As a metadata nerd I’ve been a long time Musicbrainz user. Last night I was trying to tidy up the Severed Heads releases and realised that a lot of the original online references have gone. Sure, the basic facts about many releases are stored by fans on the likes of MusicBrainz.org or Discogs.com, but not everything. Nuances and original intent can be lost.
Take their Op “album”. Tom Ellard himself has put a little history and colour on the bandcamp page for the current version, but the guy gets bored easily and will quite happily use months or even years of his own work as kindling if his mood changes. Originally the Op project was an experiment in a new way of working. He would release a final beta version and then release revisions and updates periodically, mirroring or parodying software release platforms at the time (2001/2002). The original release and initial “updates” were distributed via hand-made CD-Rs in custom packaging. Later updates were released digitally with interactive pdf files. As Tom grew bored of some elements they would be deleted, links to the downloads and information on sevcom.com would be removed. Many of these works, particularly associated materials such as art and documentation would be lost or revised.
One case in point that I was working on was the Op3 version. This was released as a faux-leak via a fake bablefish translated blog post and portions uploadedto various free file hosting sites such as RapidShare (which shut up shop earlier this year – www.bbc.co.uk/news/technology-31418414). While the track data for this release was on MusicBrainz and Discogs the original releases and the associated sites have long been since deleted.
The MusicBrainz project has grown from a basic mp3 tagging system to a huge database of music metadata created and managed by volunteer editors like myself. In many ways it exists to prevent the loss of such information by storing not only basic mp3 tagging information such as artist and track names but sleeve art, production credits and release versions amongst many other pieces of vital information as well as basic annotating. Still, it is based on facts and doesn’t really document the colour that may exist behind a particular work that may be open to interpretation.
In the era of the physical release fans and historians would document the background of an artists work, either with the basic metadata or anecdotally.

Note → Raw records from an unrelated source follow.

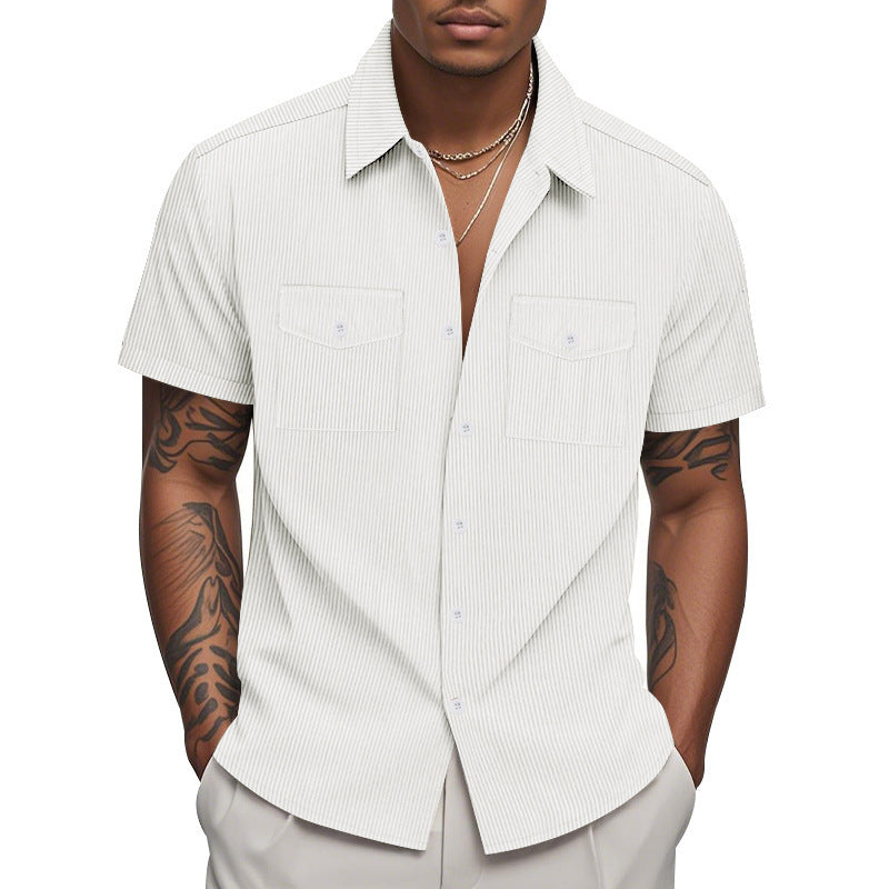 Herren Kurzarm-Hemd mit dezentem Längsstreifen und Brusttasche Aliams
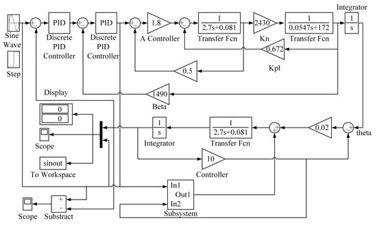 This section will analyze the influence of gear gap on C-axis drive system of super-heavy vertical milling lathe based on the established double-motor dynamics model. A backlash module was added between the corresponding two drive gears and large gear in Matlab Simulink to study the actual situation of dual motor drive under the influence of backlash. The control block diagram is shown in Figure 3.
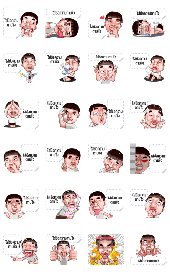 ใส่ข้อความตามใจ (ผมเป็น "คนตลก") ขณะนี้สติกเกอร์ข้อความสามารถใช้ได้ที่ห้องแชทใน LINE สำหรับสมาร์ทโฟนเวอร์ชัน 10.3.0 ขึ้นไปเท่านั้น โปรดตรวจสอบเงื่อนไขล่าสุดในการใช้งานที่หน้าช่วยเหลือ
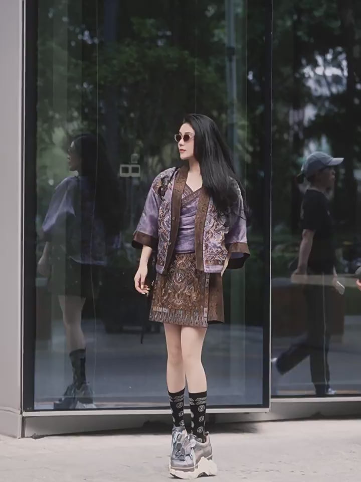 Crafted in jet-black Xiangyun silk with violet-gold twin phoenix embroidery, this look channels the spirit of ancient guardianship and modern rebellion. Every motif whispers of legacy — twin birds in flight, sacred geometry, and auspicious flora — all arranged in a masterful fusion of street ease and ceremonial power.

Every band worth it’s salt, or even a bitter sodium replacement, would get a published biography or five, or at the very least, articles in the music press dramatising the stories behind the production and release of particular works. I’ve known record collectors who cut out and store reviews and articles in the sleeves of relevant albums. With digital only releases this colour fades more easily. The stories are assumed to have been saved online and fade from the mind until years later a half remembered fragment of a memory crops up and while trying to confirm the truth, it is discovered that all the original sites and texts have expired, been deleted or just moved to a dark unlinked corner of the web. Apparently forgotten forever.

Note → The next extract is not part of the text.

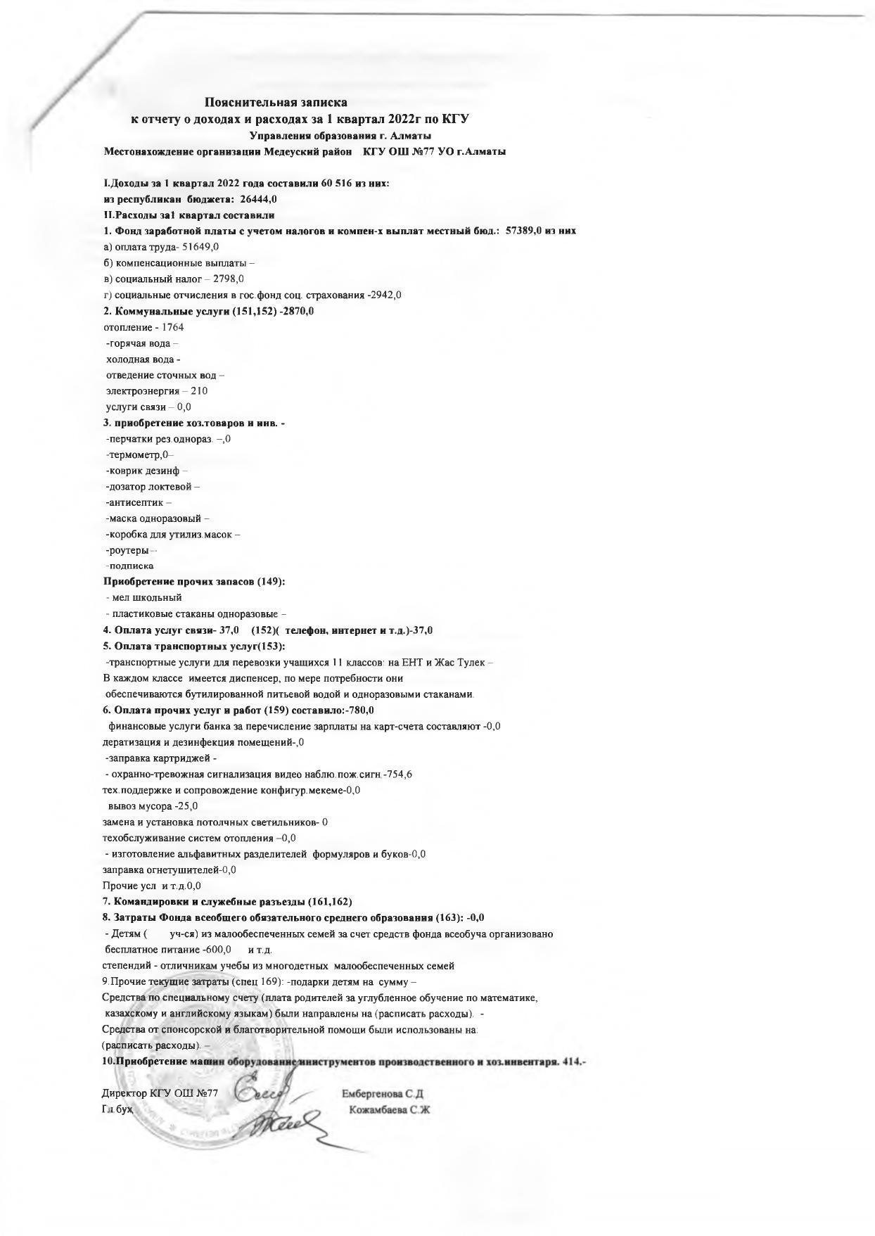 КГУ «Общеобразовательная школа №77» Управления образования г.Алматы

The one shining light of hope in these situations is Archive.org’s Wayback Machine. Named after the timemachine from the Mr Peabody cartoon, it has been periodically following and archiving every single link it finds online since late last century. As there are a lot of these and they can change regularly it’s not perfect and doesn’t archive everything, especially pages that have requested, for one reason or another, not to be archived, but for the internet researcher it is a valuable tool for investigating the growing past of this new world. It was there that I managed to track down an archived copy of the original “blog post” for the Op3 release – http://web.archive.org/web/20070624011234/http://www.sevcom.com/item-op3.html
While using it lately to research information on this and some other “lost” websites I’ve fond myself suffering some anxiety towards the idea that this site may one day too fade from the internet leaving us fully to the mercy of data decay and revisionism.
As it and the greater archive.org resource are donation funded and so invaluable to the future of the web, it is incredibly important that people realise this and donate whatever they can to help ensure that they continue to exist. Like Wikipedia, archive.org is used every day by millions of people for education and research yet very few of them donate to the upkeep. These same people would suffer greatly if these resources were to be shut down.

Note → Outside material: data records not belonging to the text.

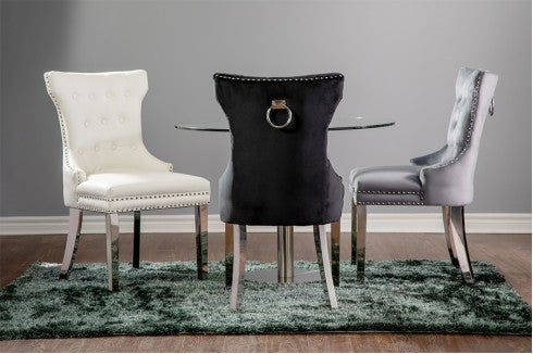 Silver Stainless Steel Legs Upholstered with Buttons & Nail Heads Available in Grey Velvet, Black Velvet or White Leatherette21” x... Silver Stainless Steel Legs Upholstered with Buttons & Nail Heads Available in Grey Velvet, Black Velvet or White Leatherette21” x 20” x 37” HSeat Height – 19”  44-018 View more
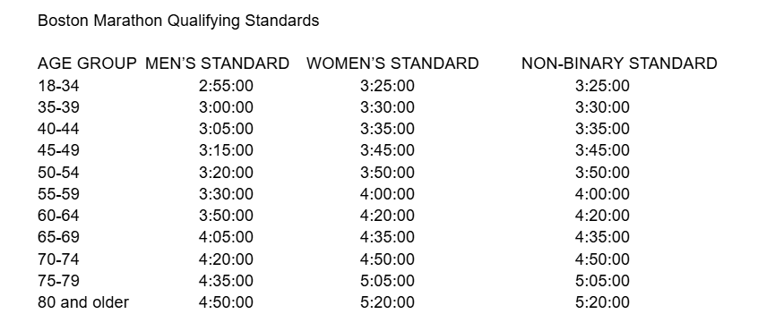 Boston Marathon Qualifying Standards
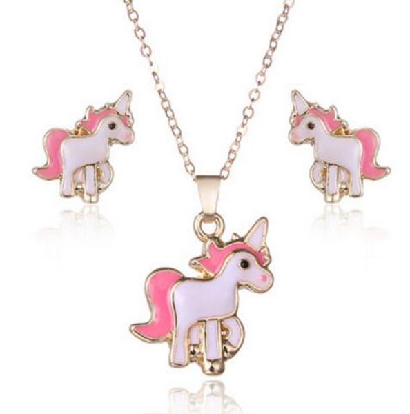 2018 розовый животных комплект ювелирных изделий дети ювелирные изделия мультфильм лошадь единорог ожерелье серьги единорог наборы для девоч, Black
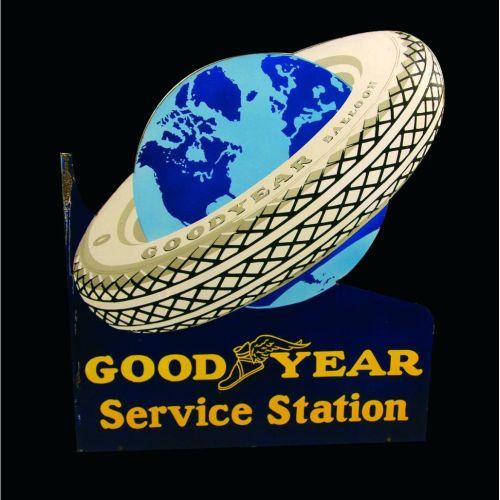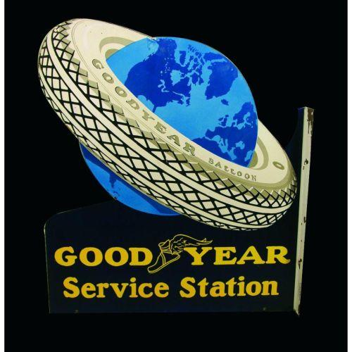 Goodyear Service Station die cut porcelain two sides flange sign. Great Colors. Excellent original condition. 26 x30 inches.

If you use either you should donate whatever you can, because without support you may need to rely on whatever information you can scrape from the ephemeral corners of Google and Yahoo. I remember those days. They weren’t great. We still got our information from books. Remember those? They’ve stopped making them now, so if non-profit online information resources die you’ll be in the crap with that paper you are expected to have written by tomorrow morning.
So go donate. Coffee or beer money. Doesn’t have to be a massive amount. Something. If you really value these sites then put a monetary amount on that.